● **WHAT THE TASK ASKS**
Exact repetition of a range: find the line containing "- 1 Testberichte" and the line containing "Peresmian Gedung Pelayanan" in the material below, then repeat both and all lines between them, leaving pictures out.

● **EXTRACTED MATERIAL**
-------------------------
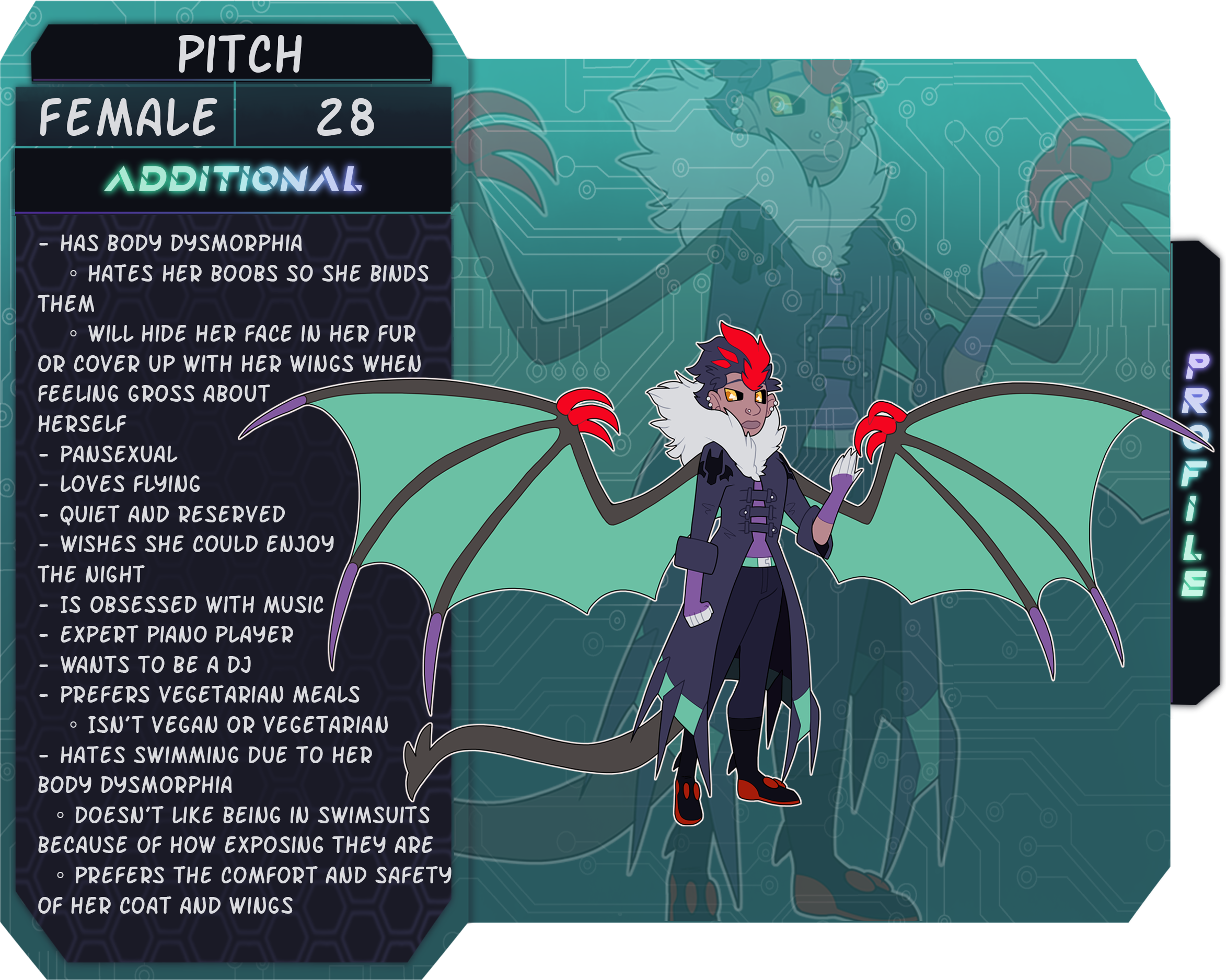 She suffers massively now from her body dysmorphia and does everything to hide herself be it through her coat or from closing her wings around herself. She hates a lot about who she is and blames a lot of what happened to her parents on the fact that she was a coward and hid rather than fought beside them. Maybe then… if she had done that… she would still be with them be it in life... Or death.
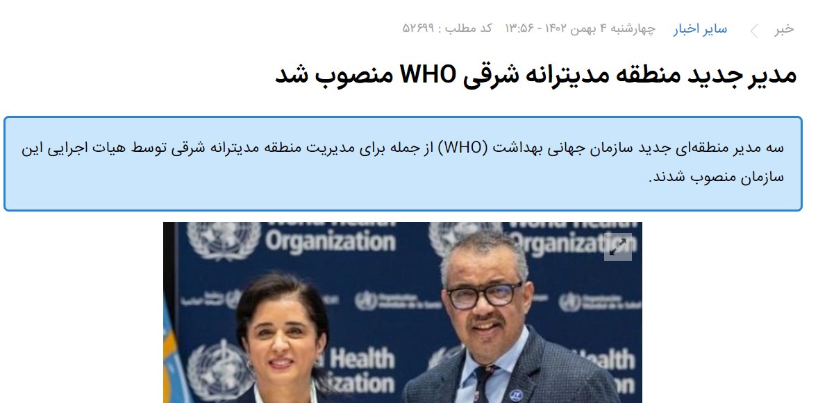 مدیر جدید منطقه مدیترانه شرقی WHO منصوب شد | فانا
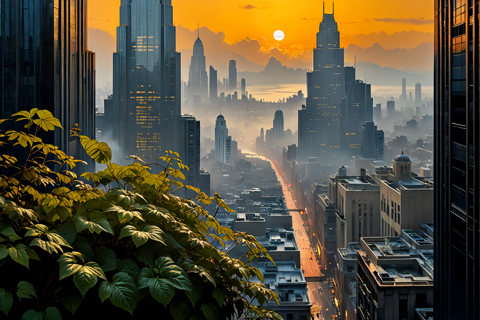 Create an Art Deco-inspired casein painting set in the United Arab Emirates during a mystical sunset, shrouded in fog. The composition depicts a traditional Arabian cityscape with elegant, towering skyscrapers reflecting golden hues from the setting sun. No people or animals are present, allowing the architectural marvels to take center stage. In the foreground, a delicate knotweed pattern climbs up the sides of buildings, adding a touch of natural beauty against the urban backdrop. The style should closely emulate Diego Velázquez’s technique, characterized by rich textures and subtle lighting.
-------------------------
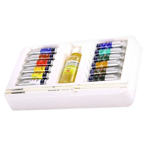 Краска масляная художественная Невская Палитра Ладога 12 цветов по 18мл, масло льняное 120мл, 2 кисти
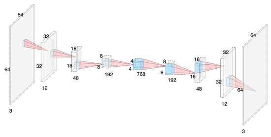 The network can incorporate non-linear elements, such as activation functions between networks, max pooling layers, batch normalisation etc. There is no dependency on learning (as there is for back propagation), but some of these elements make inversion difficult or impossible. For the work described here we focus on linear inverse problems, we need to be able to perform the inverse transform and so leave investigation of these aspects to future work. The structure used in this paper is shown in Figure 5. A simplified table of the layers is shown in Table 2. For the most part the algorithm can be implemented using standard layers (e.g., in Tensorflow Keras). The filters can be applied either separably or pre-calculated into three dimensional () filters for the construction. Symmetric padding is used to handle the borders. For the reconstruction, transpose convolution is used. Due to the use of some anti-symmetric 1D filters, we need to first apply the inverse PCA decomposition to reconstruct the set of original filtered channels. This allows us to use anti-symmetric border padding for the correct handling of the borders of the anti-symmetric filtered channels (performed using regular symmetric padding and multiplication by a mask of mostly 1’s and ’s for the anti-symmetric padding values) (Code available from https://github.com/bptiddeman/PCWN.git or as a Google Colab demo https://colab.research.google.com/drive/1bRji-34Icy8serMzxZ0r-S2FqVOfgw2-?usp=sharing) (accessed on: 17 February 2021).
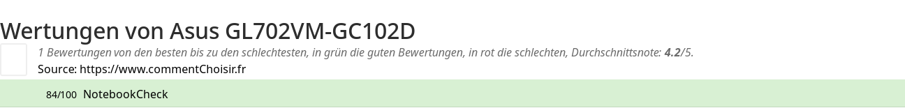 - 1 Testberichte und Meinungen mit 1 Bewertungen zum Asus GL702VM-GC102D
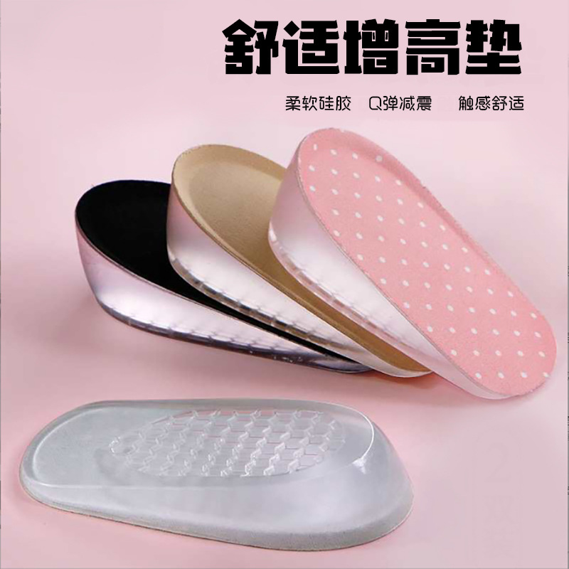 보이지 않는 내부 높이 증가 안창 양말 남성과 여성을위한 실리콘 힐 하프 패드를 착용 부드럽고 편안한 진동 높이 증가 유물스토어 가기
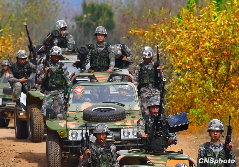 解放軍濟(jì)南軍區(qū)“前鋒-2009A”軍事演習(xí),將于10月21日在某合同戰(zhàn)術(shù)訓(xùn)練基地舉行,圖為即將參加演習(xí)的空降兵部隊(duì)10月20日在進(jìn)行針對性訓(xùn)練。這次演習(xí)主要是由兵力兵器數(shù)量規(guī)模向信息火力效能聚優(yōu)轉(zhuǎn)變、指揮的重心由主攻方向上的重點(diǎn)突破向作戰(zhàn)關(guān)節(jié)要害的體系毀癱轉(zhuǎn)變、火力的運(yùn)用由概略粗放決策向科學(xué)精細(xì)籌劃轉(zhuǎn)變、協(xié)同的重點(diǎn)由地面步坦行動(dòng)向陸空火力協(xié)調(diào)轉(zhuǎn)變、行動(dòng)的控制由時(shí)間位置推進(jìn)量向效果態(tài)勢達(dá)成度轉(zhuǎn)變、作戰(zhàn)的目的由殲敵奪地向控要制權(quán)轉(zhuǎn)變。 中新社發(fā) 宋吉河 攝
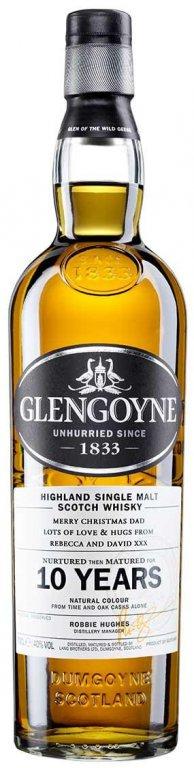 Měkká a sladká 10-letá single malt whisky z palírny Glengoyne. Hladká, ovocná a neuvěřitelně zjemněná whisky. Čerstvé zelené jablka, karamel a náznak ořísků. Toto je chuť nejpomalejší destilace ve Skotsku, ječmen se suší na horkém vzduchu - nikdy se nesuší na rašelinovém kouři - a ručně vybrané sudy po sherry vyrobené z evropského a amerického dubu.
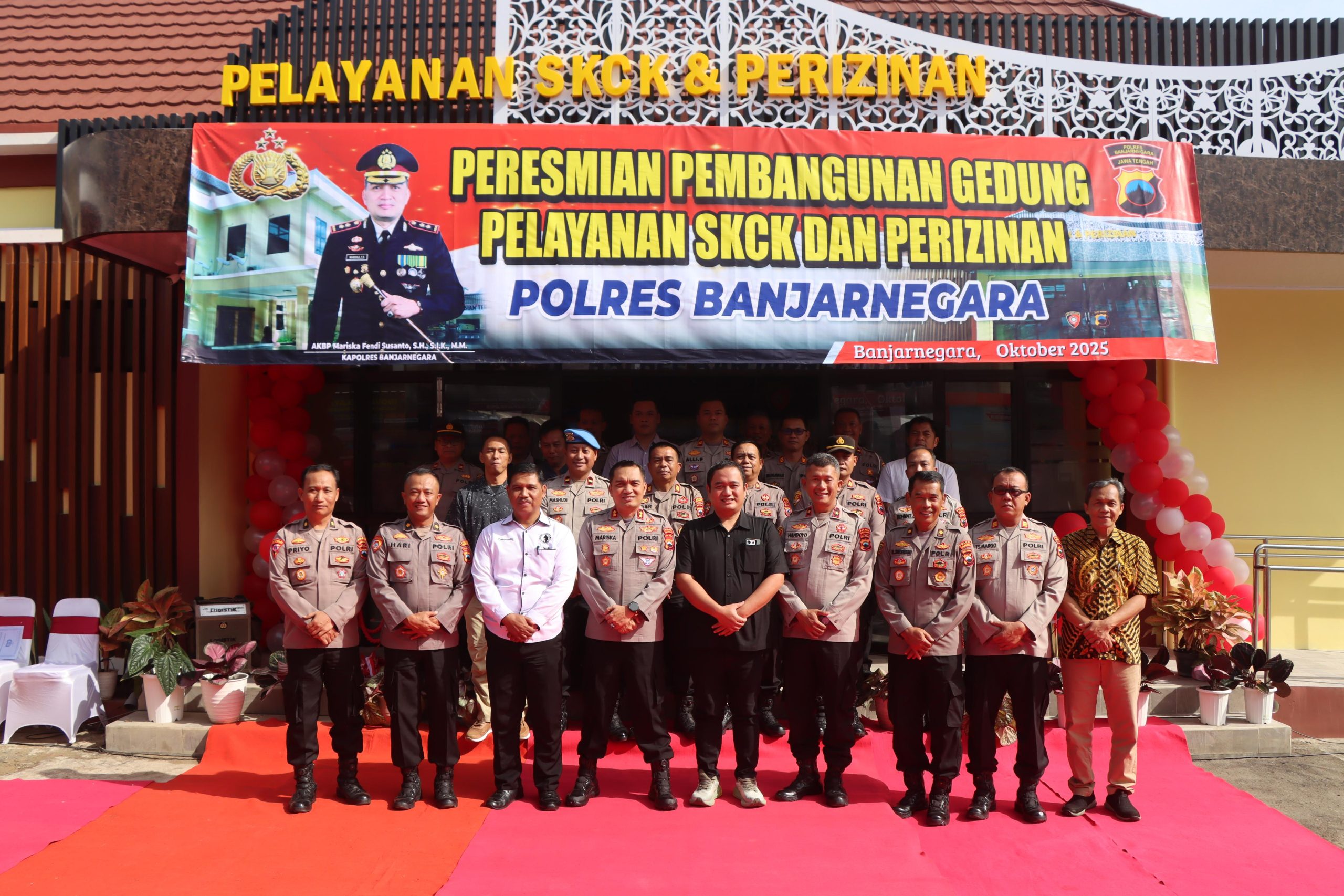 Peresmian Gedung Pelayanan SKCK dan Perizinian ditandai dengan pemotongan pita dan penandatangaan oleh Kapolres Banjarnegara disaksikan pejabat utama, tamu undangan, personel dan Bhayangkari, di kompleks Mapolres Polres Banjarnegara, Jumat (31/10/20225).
-------------------------
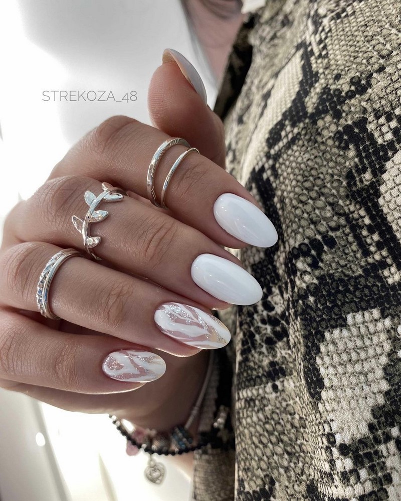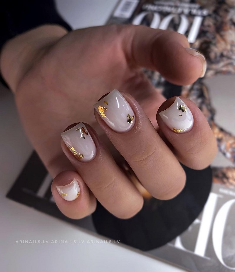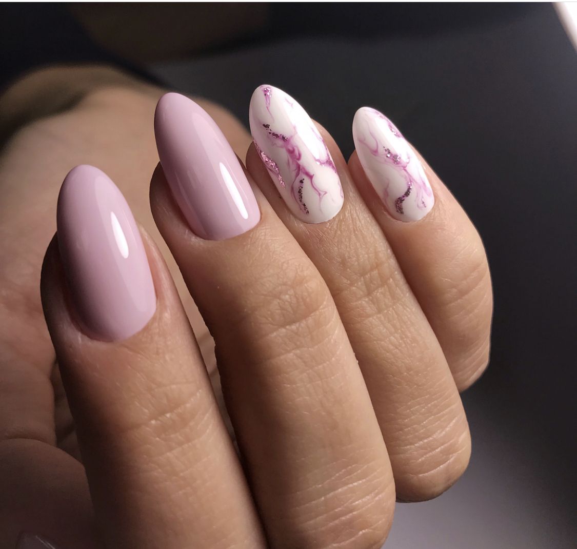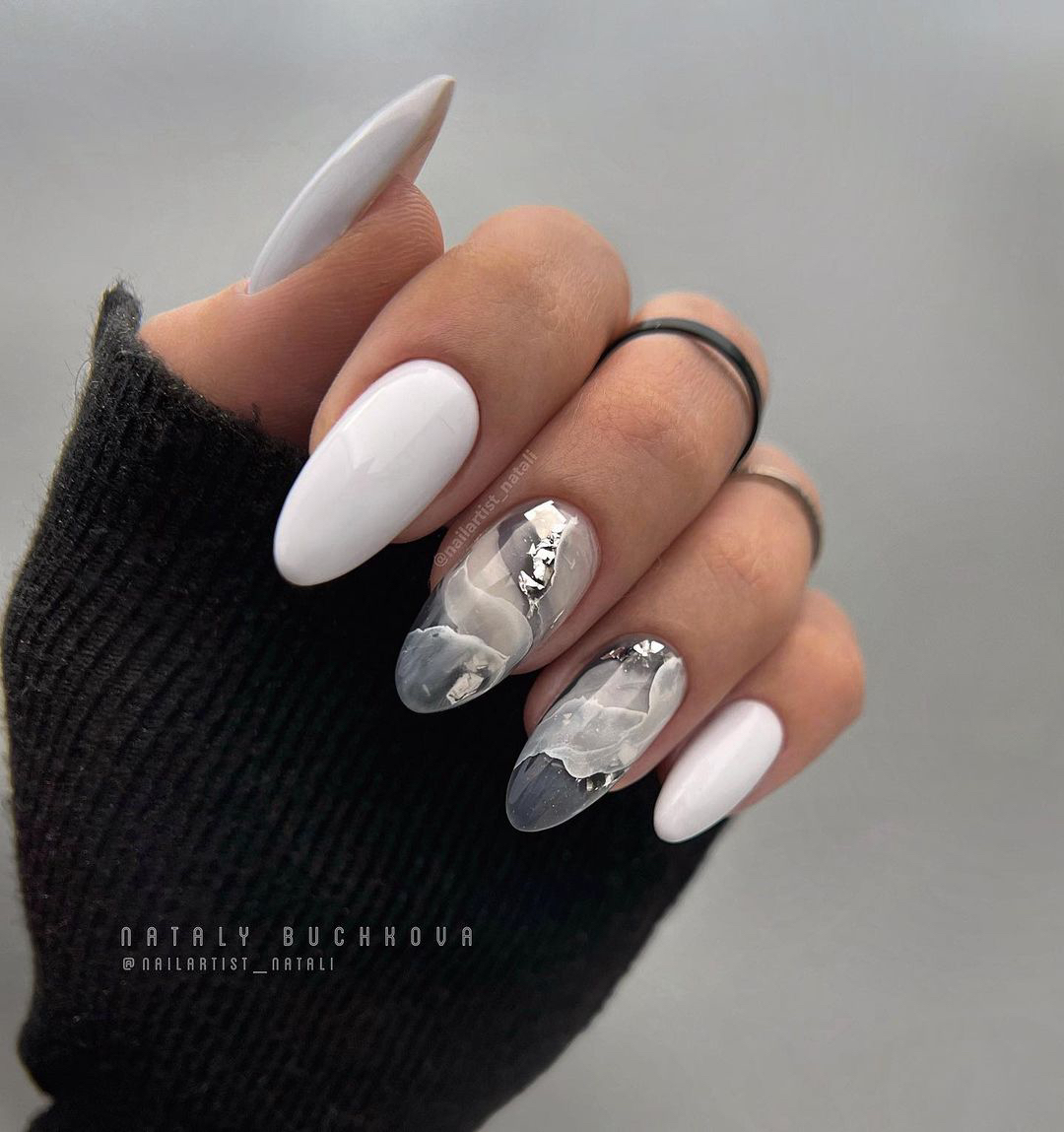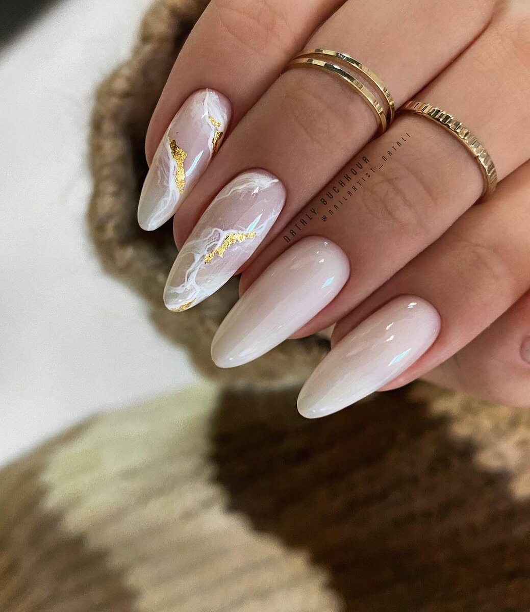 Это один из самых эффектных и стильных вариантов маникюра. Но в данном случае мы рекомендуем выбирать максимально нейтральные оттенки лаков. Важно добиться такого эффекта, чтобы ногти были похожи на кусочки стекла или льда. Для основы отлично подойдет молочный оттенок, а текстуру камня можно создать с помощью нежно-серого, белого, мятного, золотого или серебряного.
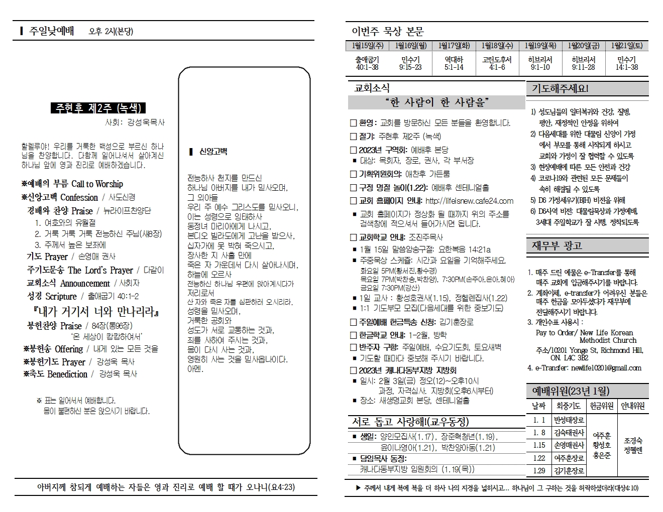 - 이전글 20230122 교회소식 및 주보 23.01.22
-------------------------
● **EXERCISE RESULT**
 - 1 Testberichte und Meinungen mit 1 Bewertungen zum Asus GL702VM-GC102D
 보이지 않는 내부 높이 증가 안창 양말 남성과 여성을위한 실리콘 힐 하프 패드를 착용 부드럽고 편안한 진동 높이 증가 유물스토어 가기
 解放軍濟(jì)南軍區(qū)“前鋒-2009A”軍事演習(xí),將于10月21日在某合同戰(zhàn)術(shù)訓(xùn)練基地舉行,圖為即將參加演習(xí)的空降兵部隊(duì)10月20日在進(jìn)行針對性訓(xùn)練。這次演習(xí)主要是由兵力兵器數(shù)量規(guī)模向信息火力效能聚優(yōu)轉(zhuǎn)變、指揮的重心由主攻方向上的重點(diǎn)突破向作戰(zhàn)關(guān)節(jié)要害的體系毀癱轉(zhuǎn)變、火力的運(yùn)用由概略粗放決策向科學(xué)精細(xì)籌劃轉(zhuǎn)變、協(xié)同的重點(diǎn)由地面步坦行動(dòng)向陸空火力協(xié)調(diào)轉(zhuǎn)變、行動(dòng)的控制由時(shí)間位置推進(jìn)量向效果態(tài)勢達(dá)成度轉(zhuǎn)變、作戰(zhàn)的目的由殲敵奪地向控要制權(quán)轉(zhuǎn)變。 中新社發(fā) 宋吉河 攝
 Měkká a sladká 10-letá single malt whisky z palírny Glengoyne. Hladká, ovocná a neuvěřitelně zjemněná whisky. Čerstvé zelené jablka, karamel a náznak ořísků. Toto je chuť nejpomalejší destilace ve Skotsku, ječmen se suší na horkém vzduchu - nikdy se nesuší na rašelinovém kouři - a ručně vybrané sudy po sherry vyrobené z evropského a amerického dubu.
 Peresmian Gedung Pelayanan SKCK dan Perizinian ditandai dengan pemotongan pita dan penandatangaan oleh Kapolres Banjarnegara disaksikan pejabat utama, tamu undangan, personel dan Bhayangkari, di kompleks Mapolres Polres Banjarnegara, Jumat (31/10/20225).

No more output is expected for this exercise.